少し嬉しかったのは事実(私って勝手な性分なのだ)。
下山も同行。ゆっくり降りるとゆっくり。すたすた降りると急ぎ足に。
さて、どこまでついてくるのだろう。
車まで戻った。
彼は林道には出ず、少し手前の林内から様子を伺っている。
荷物を片付けてエンジンをかけ、発進した。
「ついてくるなよ」
どうやら追いかけてはこないらしい。
バックミラーに彼が映らないことを祈りながら山を出た。
 
翌日、翌々日も同じ林内で遭遇した。
同じように付いてきては「グルゥグルゥ」と唸っている。
目の前に来て、尾羽を全開して威嚇したりもする。
ザックを下ろした時、急に近づいてきた。
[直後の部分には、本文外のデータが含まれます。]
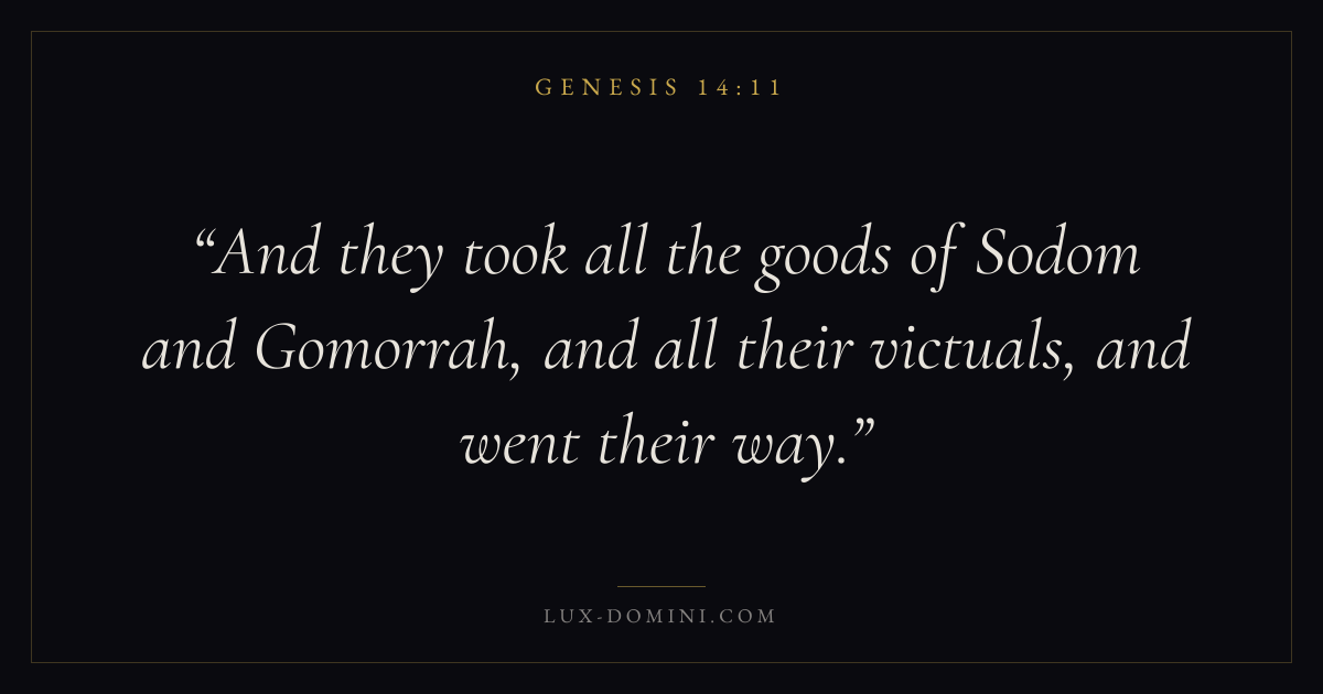 And they took all the goods of Sodom and Gomorrah, and all their victuals, and went their way.

何か貰えるとでも思ったのか。
下山時は両日ともいなかった。
 
3日間、不思議な体験をした。
これはどういうことなのか。
こんなに近くで野鳥を見たのは燕岳のライチョウと靴紐を引っ張ったヒガラ以来だ。
彼はただ単に縄張りを誇示していただけなのだろうか。
果たして生粋の野鳥だろうか。過去に人の手に関わっていたというのはないだろうか。
例えば、「家禽」として飼われていて、何かの理由で逃げ出した、とか。
その後、カメラマンとかが餌付けしていた、とか。
放鳥用飼育施設からの逃げ出しというのも考えられるのか。
むかし、M地域で人懐っこい個体を見たというmodokiさん http://kensaki77.spaces.live.com/ に聞いてみると、その個体は飼われていたらしいと言う。今回の個体もその類なのか。M地域から直線で約15km、もしかして同一個体なのか。
 
ヤマドリ。日本固有種。なのに狩猟鳥。
私の手元にヤマドリの羽がある。
以前、山で拾ったものだ。左右は腹または背の部分か。中は腰の部分か。11枚の羽が重なって、美しい紋様になる。

 
今回は1枚も拾えなかった。
いっそ捕まえて、尾羽の1枚くらい抜いてやってもよかったかな。
 
人を恐れない彼。
彼がこの次出会う人間はどんな得体の人種だろう。
もしそれがハンターならイチコロだろう。